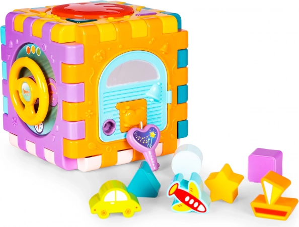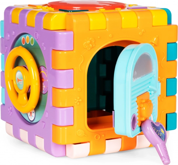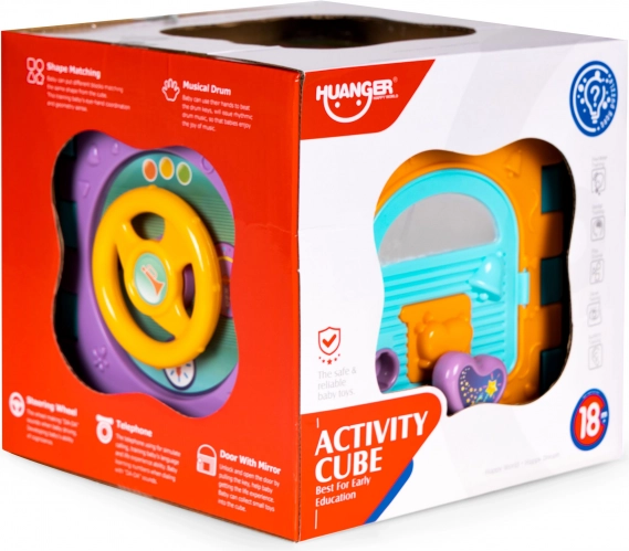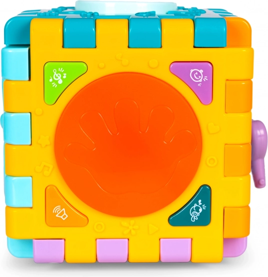 En af terningens sider har knapper med glade melodier og lyde. Når du trykker, lyser midten af terningen op i forskellige farver i takt med melodierne.
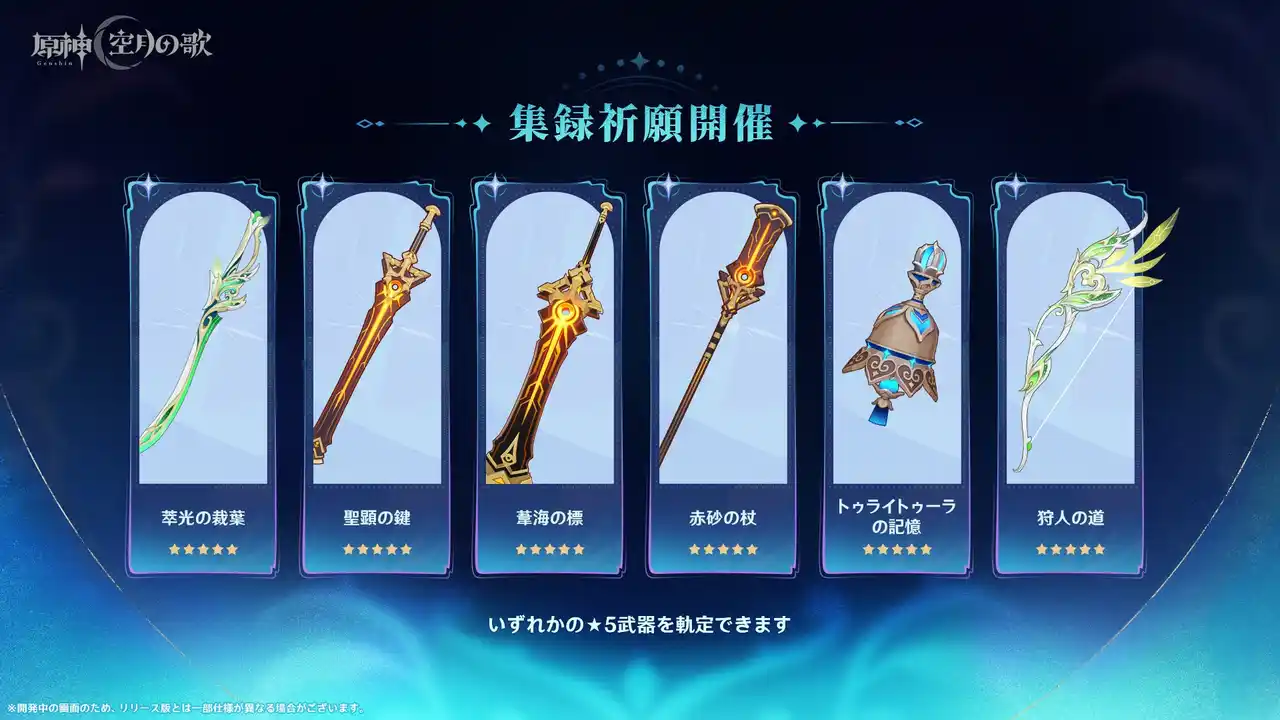 そして新バージョンのリリース記念と『原神』5周年記念を祝して、通常祈願の★5キャラクターを1名無料で招待できるほか、ログインボーナスで紡がれた運命×10を獲得できたり、メールにて原石×1,600と2種類のナド・クライテーマの便利アイテムを受け取ることができるなど、様々な報酬をご用意しております。 |
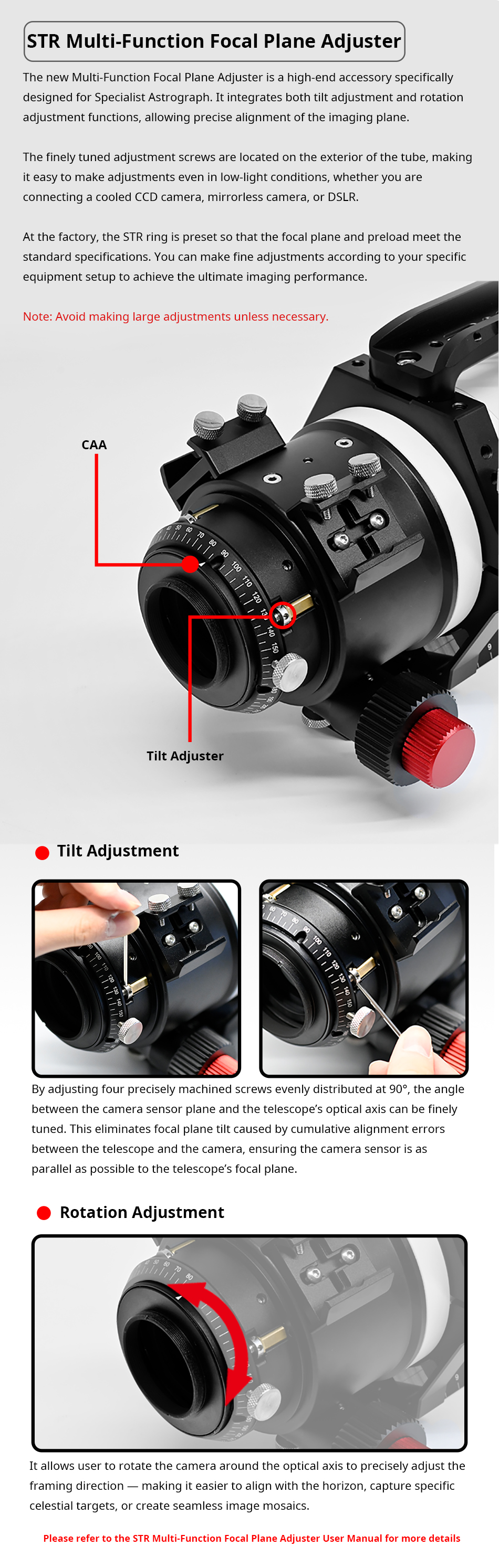 Meccanica di altissima qualità con preciso rotatore graduato e tilter di precisione che può essere regolato anche con tutto il treno ottico montato
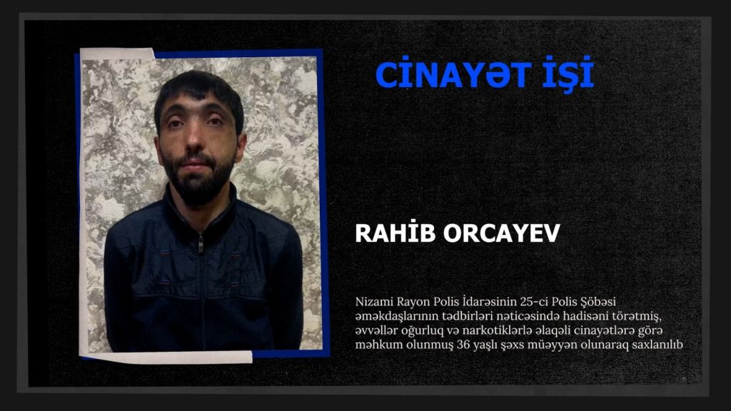 Nizami Rayon Polis İdarəsinin 25-ci Polis Şöbəsi əməkdaşlarının həyata keçirdikləri əməliyyat tədbirləri nəticəsində hadisəni törətmiş, əvvəllər oğurluq və narkotiklərlə əlaqəli cinayətlərə görə məhkum olunmuş 36 yaşlı Rahib Orcayev müəyyən olunaraq saxlanılıb.

■ PROBLEM STATEMENT
Output the data above exactly; pictures do not belong in the copy.

■ SOLUTION BELOW
 En af terningens sider har knapper med glade melodier og lyde. Når du trykker, lyser midten af terningen op i forskellige farver i takt med melodierne.
 そして新バージョンのリリース記念と『原神』5周年記念を祝して、通常祈願の★5キャラクターを1名無料で招待できるほか、ログインボーナスで紡がれた運命×10を獲得できたり、メールにて原石×1,600と2種類のナド・クライテーマの便利アイテムを受け取ることができるなど、様々な報酬をご用意しております。 |
 Meccanica di altissima qualità con preciso rotatore graduato e tilter di precisione che può essere regolato anche con tutto il treno ottico montato
 Nizami Rayon Polis İdarəsinin 25-ci Polis Şöbəsi əməkdaşlarının həyata keçirdikləri əməliyyat tədbirləri nəticəsində hadisəni törətmiş, əvvəllər oğurluq və narkotiklərlə əlaqəli cinayətlərə görə məhkum olunmuş 36 yaşlı Rahib Orcayev müəyyən olunaraq saxlanılıb.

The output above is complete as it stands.